# Model Evaluator/Model Trainer

This notebook is used to train and evaluate the ability of our model to forecast volatility based on summarized transcript inputs.

## Dependencies

### Virtual Environment Dependencies

The model evaluator leverages the huggingface library. The following packages must be installed:

1. transformers
2. datasets
3. evaluate
4. torchmetrics

In [None]:
!pip install transformers datasets evaluate torchmetrics

### Imports

In [None]:
import torch
from datasets import load_dataset, Dataset, DatasetDict
from google.colab import drive, runtime
from transformers import AutoTokenizer, AutoModelForSequenceClassification, Trainer, TrainingArguments, pipeline
import torchmetrics
from tqdm import tqdm
import os
import datetime
import plotly.express as px
import pandas
import numpy as np
from collections import Counter
import sqlite3 as sq
from dataclasses import dataclass
from typing import Dict, List, Tuple, Callable
import evaluate


In [None]:
device = torch.device('cuda') if torch.cuda.is_available() else torch.device('cpu')

In [None]:
drive.mount('/content/drive')

## Paths

This notebook requires a connection with the database containing all of the transcript data and the labels. This can be generated by running the FinancialModelPrep [notebook](https://colab.research.google.com/drive/1IPQLXCfiAfVXH-W30vYevktjQZnV6qt6?usp=sharing) notebook to create the database and pull the financial data along with the Summary [notebook](https://colab.research.google.com/drive/1Jv0knYxpoCyexYn6yA6TSIxOsX9nJY5L?usp=sharing) to summarize the transcripts.

In [None]:
project_path = "/content/drive/MyDrive/CSCI-5541/Project/"
data_path = os.path.join(project_path, "data")
model_path = os.path.join(project_path,"model")
classification_model_path = os.path.join(model_path,"classification")
tokenizer_base_path = os.path.join(project_path, "tokenizer")
fine_tuned_model_base_path = os.path.join(model_path, "fine_tuned_classification")

In [None]:
database_path = os.path.join(data_path, "earnings_transcripts_data.db")

In [None]:
if not os.path.exists(classification_model_path):
    os.makedirs(classification_model_path)
if not os.path.exists(tokenizer_base_path):
    os.makedirs(tokenizer_base_path)
if not os.path.exists(fine_tuned_model_base_path):
    os.makedirs(fine_tuned_model_base_path)

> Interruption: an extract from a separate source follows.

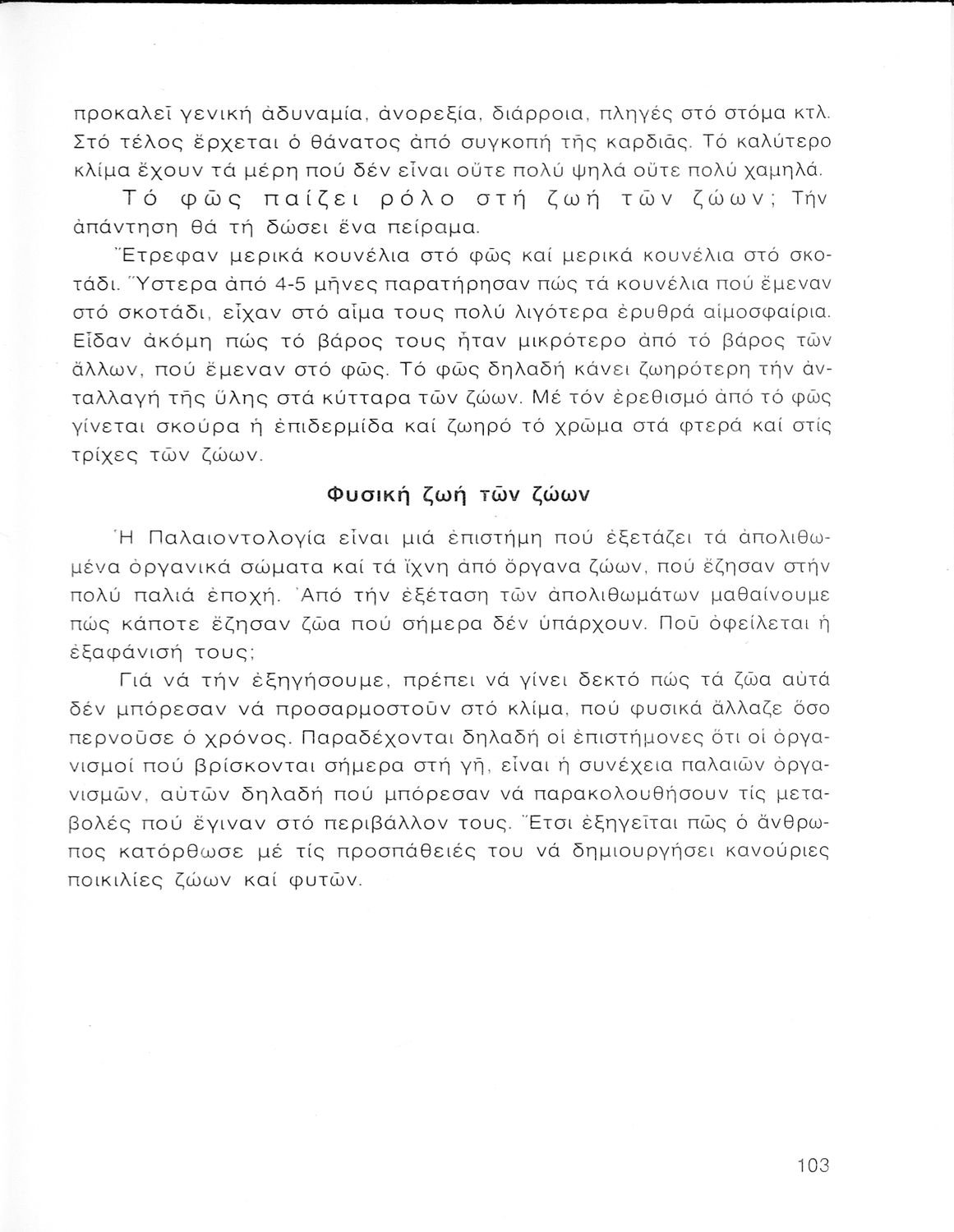 Μαθητικό βοήθημα της Ε΄ και ΣΤ΄ Δημοτικού για το μάθημα της Φυσικής Ιστορίας στο Δημοτικό. Περιέχει πληροφορίες για τη φυτολογία και τη ζωολογία. Το βιβλίο έχει εικόνες, οι οποίες διευκολύνουν τη διδασκαλία. Ο

## Data Classes and DB Util

### Data Classes

Objects to hold data from tables

In [None]:
@dataclass
class Company:
    symbol: str

    def to_dict(self):
        return {
            "symbol": self.symbol
        }

@dataclass
class Transcript:
    symbol: str
    date: str
    year: int
    quarter: int
    transcript: str

    def to_dict(self):
        return {
            "symbol": self.symbol,
            "date": self.date,
            "year": self.year,
            "quarter": self.quarter,
            "transcript": self.transcript
        }


@dataclass
class Price:
    symbol: str
    date: str
    opening_price: float
    closing_price: float

    def to_dict(self):
        return {
            "symbol": self.symbol,
            "date": self.date,
            "opening_price": self.opening_price,
            "closing_price": self.closing_price,
        }

@dataclass
class Label:
    id: int
    symbol: str
    transcript_date: str
    price_day_of_meeting: float
    avg_value: float
    delta_days: int
    total_days: int
    avg_type: str
    label: str


@dataclass
class Predicted_Label:
    id: int
    true_label_id: int
    symbol: str
    transcript_date: str
    label: str
    summarization_method: str
    classification_method: str
    true_label_id: int

@dataclass
class TranscriptSummary:
    symbol: str
    date: str
    year: int
    quarter: int
    summarized_transcript: str
    summarization_method: str

    def to_dict(self):
        return {
            "symbol": self.symbol,
            "date": self.date,
            "year": self.year,
            "quarter": self.quarter,
            "summarized_transcript": self.summarized_transcript,
            "summarization_method": self.summarization_method,
        }

### DB Util
Utility for interacting with the database

In [None]:
class DB_Util:
    def __init__(self, database_path: str):
        self.con = sq.connect(database_path)

    
    def create_or_drop_table(self, sql: str) -> bool:
        cursor = self.con.cursor()
        try:
            cursor.execute(
                sql,
            )
            return True
        except Exception as e:
            print(e)
            return False
        finally:
            self.con.commit()
            cursor.close()
            del cursor

    def execute_query(self, sql: str, args: List) -> List:
        cursor = self.con.cursor()
        try:
            query_results = cursor.execute(
                sql,
                args
            )
            return query_results.fetchall()
        except Exception as e:
            print(e)
            return []
        finally:
            cursor.close()
            del cursor


    def insert_data(self, sql: str, data: List) -> bool:
        cursor = self.con.cursor()
        try:
            cursor.execute(
                sql,
                data                
            )
            return True
        except Exception as e:
            print(e)
            return False
        finally:
            self.con.commit()
            cursor.close()
            del cursor
    
    def close_connection(self):
        self.con.close()
        del self.con

## Database Connection and Operations

### Create Database Connection
In order to interact with the database, simply pass the path to the database to the constructor.

In [None]:
db_util = DB_Util(database_path=database_path)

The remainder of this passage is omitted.